La Petite Bonne, ce titre m’a fait de l’œil dès que je l’ai aperçu. 

Parmi la profusion de sorties littéraires en ce mois de septembre, c’est celui-ci que j’ai choisi. J’aime les histoires qui parlent des femmes, des strates qui les composent, et que l’auteur a plaisir à effeuiller pour en faire des écrits vibrants et infinis. J’aime encore plus quand il s’agit de femmes de rien, d’aspect ordinaire. Elles ont le pouvoir de révéler tous leurs potentiels dans leurs vulnérabilités et leurs insuffisances.

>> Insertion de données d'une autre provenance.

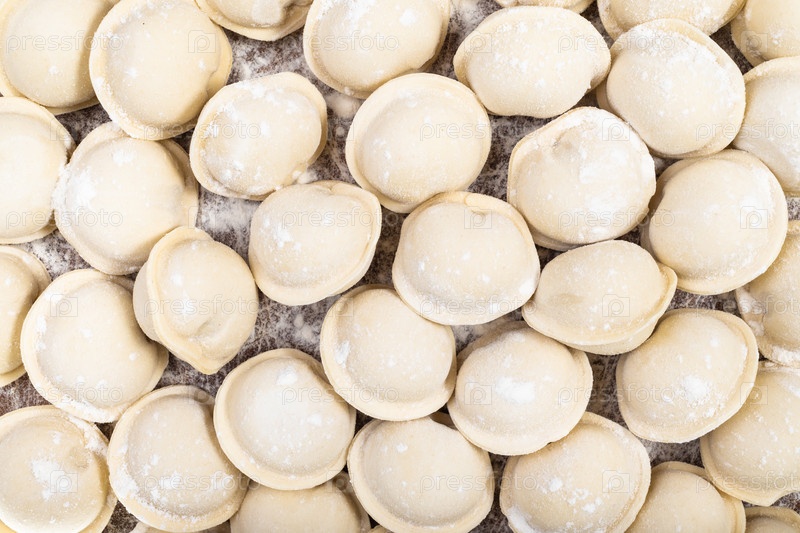 Вид сверху на множество замороженных пельменей

Dans ce roman écrit par Bérénice Pichat, la petite bonne qui n’a pas de prénom et sera toujours présentée comme telle, va chez le couple Daniel s’occuper de l’entretien de leur demeure bourgeoise. Monsieur, autrefois pianiste émérite est un grand mutilé de la 1ère guerre mondiale. Sa femme, Alexandrine, veille sur lui depuis plus de 20 ans, vivant dans l’ombre de cet homme ravagé par la solitude et la souffrance. Et si Monsieur profitait de l’arrivée de cette jeune bonne pour l’aider à réaliser son funeste projet ?

 Elle est assise

Face à lui

Ses entrailles la brûlent

Elle sent ses joues rouges

Sa peau qui tire

Elle réfléchit

Elle a très bien compris

Ce que Monsieur lui demande

Il a parlé clairement

Joué cartes sur table

La vérité apparaît

Toute simple

Dans son horreur

Face à elle

Il attend

Crispé

Tendu

Et si elle acceptait 

Il veut y croire

Peut- être est-ce possible 

Notre petite bonne va, contre toute attente, s’imposer dans leurs vies et bousculer leur fragile équilibre. Sa fraîcheur, son authenticité et ses blessures vont trouver un écho auprès de ce bout d’homme brisé. Ce récit puissant sous forme de huit clos, donne une voix singulière à chaque personnage. Bérénice Pichat donne à la petite bonne, une narration unique sous forme de vers libres donnant ainsi plus de corps à ces mots.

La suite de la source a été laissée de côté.